LogLLM: Log-based Anomaly Detection Using Large Language Models
Wei Guan, Jian Cao, Shiyou Qian, Jianqi Gao, Chun Ouyang
TL;DR
LogLLM tackles log-based anomaly detection by integrating a transformer encoder (BERT) for per-message semantics with a decoder (Llama) for sequence-level classification, bridged by a projector to align embedding spaces. A regex-based preprocessing pipeline avoids brittle log parsers, and a three-stage training procedure (stage 1: Llama templates, stage 2: embedder, stage 3: full fine-tuning) coupled with memory-efficient QLoRA enables effective deployment on large-scale data. Evaluations on four public datasets show LogLLM achieving superior F1 scores and robust performance under variable log quality and class imbalance, with detailed ablations confirming the necessity of each training stage and the benefits of embedding alignment. The approach advances practical log anomaly detection by leveraging both encoder and decoder LLM capabilities while addressing memory and data-imbalance challenges, offering a scalable solution for real-world systems.
Abstract
Software systems often record important runtime information in logs to help with troubleshooting.

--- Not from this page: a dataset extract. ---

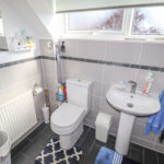 Fitted with an attractive white suite. Low level WC. Feature vanity wash hand basin with mixer taps, splashback tiles and cupboard under. Vertical radiator. UPVC double glazed window with obscured glass to the side.

Log-based anomaly detection has become a key research area that aims to identify system issues through log data, ultimately enhancing the reliability of software systems. Traditional deep learning methods often struggle to capture the semantic information embedded in log data, which is typically organized in natural language. In this paper, we propose LogLLM, a log-based anomaly detection framework that leverages large language models (LLMs). LogLLM employs BERT for extracting semantic vectors from log messages, while utilizing Llama, a transformer decoder-based model, for classifying log sequences. Additionally, we introduce a projector to align the vector representation spaces of BERT and Llama, ensuring a cohesive understanding of log semantics. Unlike conventional methods that require log parsers to extract templates, LogLLM preprocesses log messages with regular expressions, streamlining the entire process. Our framework is trained through a novel three-stage procedure designed to enhance performance and adaptability. Experimental results across four public datasets demonstrate that LogLLM outperforms state-of-the-art methods. Even when handling unstable logs, it effectively captures the semantic meaning of log messages and detects anomalies accurately.